Improvement of Expression of α6 and β1 Integrins by the Co-culture of Adult Mouse Spermatogonial Stem Cells with SIM Mouse Embryonic Fibroblast Cells (STO) and Growth Factors

Objective(s): Spermatogonial Stem Cells (SSCs) maintain spermatogenesis throughout the life of the male. Because of the small number of SSCs in adult, enriching and culturing them is a crucial step prior to differentiation or transplantation. Maintenance of SSCs and transplantation or induction of in vitro spermio-genesis may provide a therapeutic strategy to treat male infertility. This study investigated the enrichment and proliferation of SSCs co-cultured with STO cells in the presence or absence of growth factors.

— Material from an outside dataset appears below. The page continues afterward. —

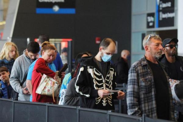 Penumpang pesawat pada akhir pekan lalu di bandara Boston, ada yang mengenakan masker dan banyak yang tidak pakai masker. Foto: Reuters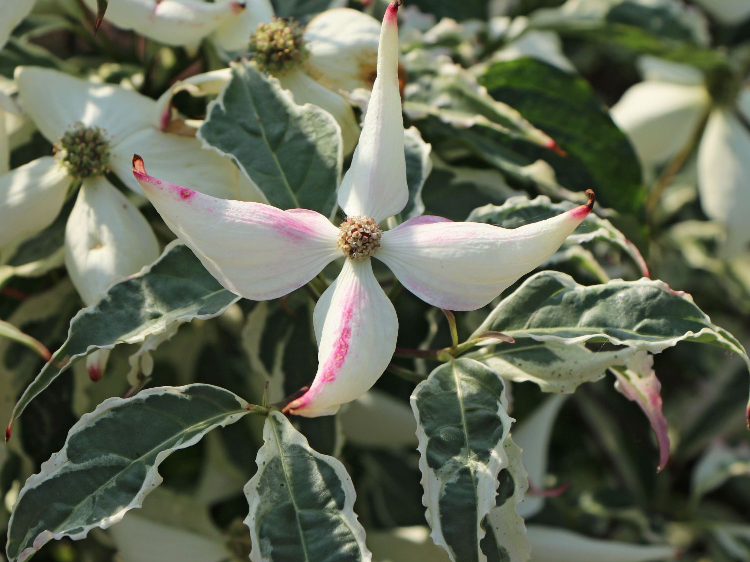 Dieses Schmuckstück bezaubert mit einer weißer Blütenpracht, silbrig-grün panaschierten Blättern, spektakulärer Herbstfärbung und roten Früchten. Diese Attribute flankieren den Japanischen Blumen-Hartriegel 'Kim', einen gern gesehenen Dauergast in jedem kreativen Ziergarten. Der Blütenstrauch begeistert von Mai bis Juni mit einem Meer aus strahlend weißen Hochblättern, die sich um grüne Blütenköpfchen versammeln. Eindrucksvoll kontrastieren die silbern und grün marmorierten Blätter, die auch nach der Blühphase für florale Glücksmomente sorgen. Im Spätsommer und Herbst setzt sich das Farbenspiel fort mit rot-gelben Blättern, über denen rosarote Früchte thronen.

Materials and Methods: Spermatogonial populations were enriched from the testis of 4-6 week-old male mice by MACS according to the expression of a specific marker, Thy-1. Isolated SSCs were cultured in the presence or absence of growth factors (GDNF, GFRα1 and EGF) on STO or gelatin-coated dishes for a week. Subsequently, the authors evaluated the effects of growth factors and STO on SSCs colonization by alkaline phosphates (AP) activity and flow cytometery of α6 and β1 integrins. Results: SSCs co-cultured with STO cells and growth factors developed colonization and AP activity as well as expression of α6 and β1 integrins (P≤0/05). Conclusion: Our present SSC-STO co-culture provides conditions that may allow efficient maintenance and proliferation of SSCs for the treatment of male infertility.